The dayofweek column is a Factor. We want it to be an Ordered Factor and we want to tell R the order to use.
%%R
# Create vector with DOWs ordered as you wish
DOW_order <- c("Sun", "Mon", "Tue", "Wed", "Thu", "Fri", "Sat")
# Change DOW from factor to ordered factor using vector you just made
meanoccdate_df$dayofweek <- factor(meanoccdate_df$dayofweek,levels=DOW_order,ordered=TRUE)
%R str(meanoccdate_df)
'data.frame': 510 obs. of 4 variables: $ occupancy : num [1:510(1d)] 0 1.73 1.53 1.54 1.87 ... $ dayofweek : Ord.factor w/ 7 levels "Sun"<"Mon"<"Tue"<..: 1 2 3 4 5 6 7 1 2 3 ... $ patient_type: Factor w/ 6 levels "ART","CAT","IVT",..: 1 1 1 1 1 1 1 1 1 1 ... $ date : Factor w/ 85 levels "1996-01-07","1996-01-08",..: 1 2 3 4 5 6 7 8 9 10 ...
%%R
g2 <- ggplot(data=meanoccdate_df) + geom_histogram(aes(x=occupancy, y=..density..), binwidth=2, fill="#FF9999", colour="black")
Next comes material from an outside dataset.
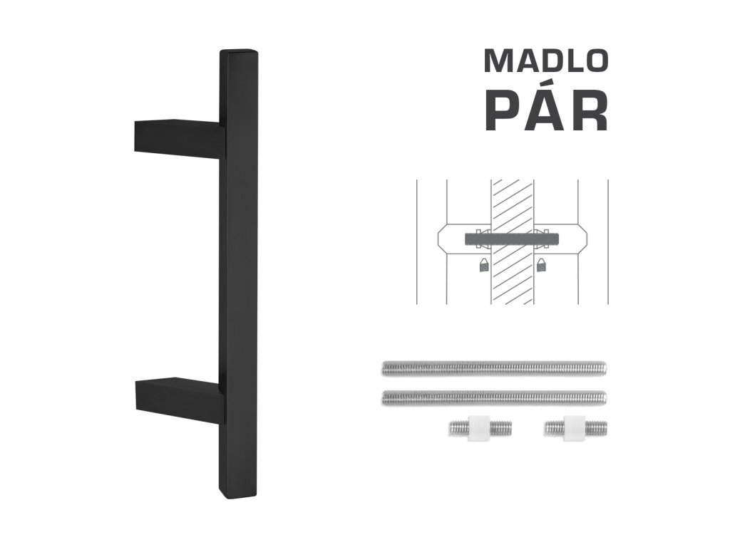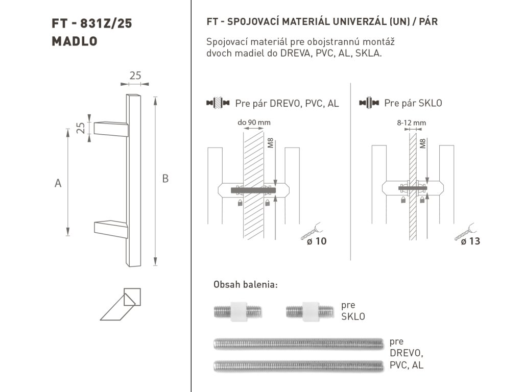 Madlo na dvere je vyrobené z vysokokvalitnej nehrdzavejúcej ocele, známej ako nerez a je povrchovo upravené. Profil madla je 25 x 25 mm. Sada UNIVERZÁL (UN) obsahuje spojovací materiál pre obojstrannú montáž dvoch madiel do dreva, PVC, AL, sklo.

print(g2 + facet_grid(patient_type ~ dayofweek))
And now we've got the DOW ordering we really wanted. This has been a quick tour of plotting occupancy data using ggplot2 from within an IPython notebook. Future installments of this series of occupancy analysis will focus on more occupancy visualizations using some combination of R and Python.